Renovasi gereja akhirnya selesai dan diresmikan oleh Uskup Agung Semarang Mgr. Ignatius Suharyo, Pr pada hari Sabtu, 6 Oktober 2001. Perkembangan selanjutnya renovasi terus dilakukan seperti penambahan bangunan lantai II yang digunakan untuk rumah koster dan pembuatan Gua Maria di sudut lapangan parkir kendaraan roda dua. Perombakan juga terjadi di bagian altar gereja, yaitu tampilan atau background salib yang semula berupa kayu menjadi pola permainan warna.

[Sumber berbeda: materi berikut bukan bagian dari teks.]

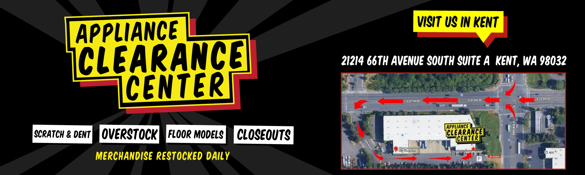 Just minutes north of the Kent Station Shopping Center on the corner of 212th and West Valley Highway near the CORT Furniture Outlet, our Kent appliance clearance center is full of deals, the biggest brands, and the best selection of low price appliances in the area. Heads-up! We’re located within the same building as the Albert Lee Kent warehouse. To find the deals, visit our clearance center located in Suite A!

Begitu pula dengan background pada patung Bunda Maria dan Yesus dengan corak yang sama. Altar juga menjadi tampak megah dan hidup dengan permainan cahaya lampu sorot. Perubahan juga terdapat pada fungsi-fungsi bangunan. Misalnya, ruang kantor TK Indriasana III beralih fungsi menjadi ruang kelas playgroup, ruang poliklinik beralih fungsi menjadi kantor TK Indriasana III, poliklinik sendiri pindah ke garasi belakang satu bangunan dengan ruang transit romo. Semua hal tersebut diharapkan bisa memaksimalkan fungsi dari bangunan yang telah dibuat. Memperhatikan pada fungsi-fungsi yang ada dalam bangunan Gereja Katolik Santo Paulus Sampangan seperti disebutkan di atas, keberadaan “gereja” ditengah-tengah keberagaman warga masyarakat sekitar bukan sekedar sebagai tempat beribadat tetapi merupakan sarana yang mampu mempersatukan kumpulan umat beriman dalam memancarkan sinar kasih dalam bentuk karya nyata ditengah-tengah masyarakat plural.

Hadirnya gereja Santo Paulus Sampangan juga mendapat dukungan penuh dari pemerintah Kota Semarang. Jalinan keakraban yang baik dan komunikasi yang lancar dengan masyarakat sekitarnya menjadi alasan kuat bagi pemkot Semarang dalam mendukung kehadiran gereja ini.

Gereja makin hari kian berbenah dalam tampilan dan manfaatnya bagi masyarakat yang ada di sekitarnya. Perkembangan lahan parkir yang luas menjadi terasa manfaatnya bagi masyarakat sekitar yang membutuhkan untuk lahan parkir. Bahkan bila ada acara masyarakat sekitar yang sekiranya membutuhkan lahan, maka gereja mengulurkan bantuan dengan cara meminjamkan lahan parkir tersebut.